__What this task involves__
Nothing but the lines from the first line of the records through the line with "অধ্যক্ষ প্রফেসর মো." should be output, exactly as written and free of pictures.

(Entries taken from a collection)
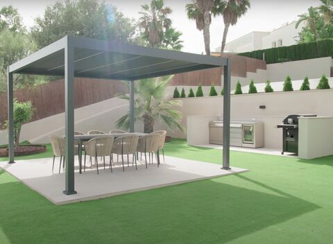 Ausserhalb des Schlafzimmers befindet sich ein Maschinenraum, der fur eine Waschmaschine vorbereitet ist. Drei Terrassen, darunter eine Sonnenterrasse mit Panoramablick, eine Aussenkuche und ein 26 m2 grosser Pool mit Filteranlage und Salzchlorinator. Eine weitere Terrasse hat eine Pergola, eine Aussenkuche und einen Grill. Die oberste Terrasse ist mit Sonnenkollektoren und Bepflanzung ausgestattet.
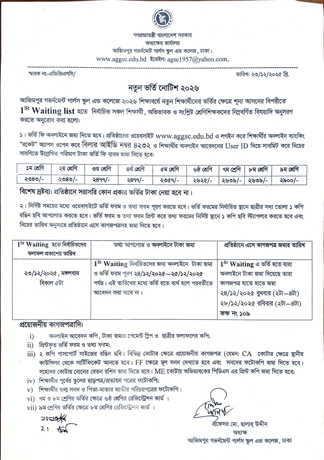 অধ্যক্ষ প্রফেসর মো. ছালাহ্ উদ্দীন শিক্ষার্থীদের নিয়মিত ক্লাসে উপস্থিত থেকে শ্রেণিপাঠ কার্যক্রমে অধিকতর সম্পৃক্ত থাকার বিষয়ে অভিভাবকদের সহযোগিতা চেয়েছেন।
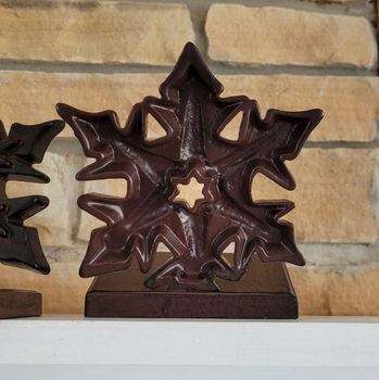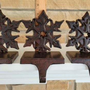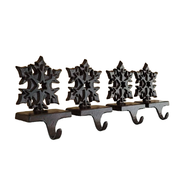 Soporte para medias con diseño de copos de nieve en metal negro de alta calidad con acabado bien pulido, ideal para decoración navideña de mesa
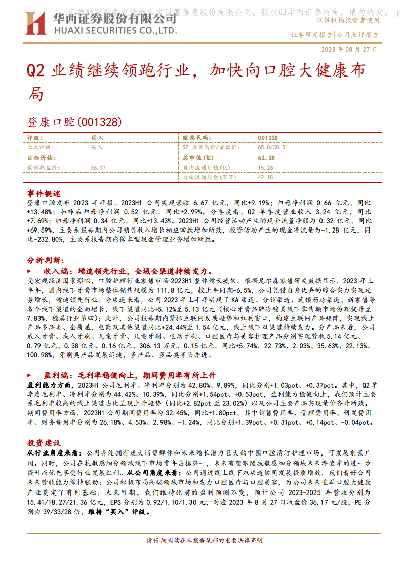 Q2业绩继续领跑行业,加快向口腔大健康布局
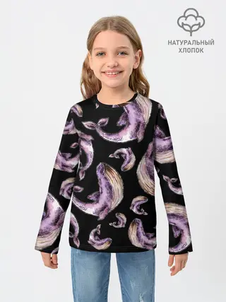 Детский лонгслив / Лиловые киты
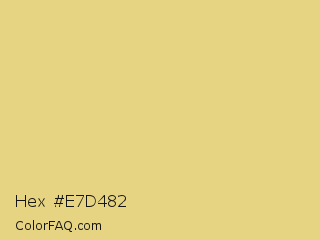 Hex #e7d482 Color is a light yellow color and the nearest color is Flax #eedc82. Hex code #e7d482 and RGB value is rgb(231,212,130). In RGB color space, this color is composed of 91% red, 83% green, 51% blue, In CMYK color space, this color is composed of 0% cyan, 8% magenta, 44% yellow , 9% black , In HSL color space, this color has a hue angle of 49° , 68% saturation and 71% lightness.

__Solution for this exercise__
 Ausserhalb des Schlafzimmers befindet sich ein Maschinenraum, der fur eine Waschmaschine vorbereitet ist. Drei Terrassen, darunter eine Sonnenterrasse mit Panoramablick, eine Aussenkuche und ein 26 m2 grosser Pool mit Filteranlage und Salzchlorinator. Eine weitere Terrasse hat eine Pergola, eine Aussenkuche und einen Grill. Die oberste Terrasse ist mit Sonnenkollektoren und Bepflanzung ausgestattet.
 অধ্যক্ষ প্রফেসর মো. ছালাহ্ উদ্দীন শিক্ষার্থীদের নিয়মিত ক্লাসে উপস্থিত থেকে শ্রেণিপাঠ কার্যক্রমে অধিকতর সম্পৃক্ত থাকার বিষয়ে অভিভাবকদের সহযোগিতা চেয়েছেন।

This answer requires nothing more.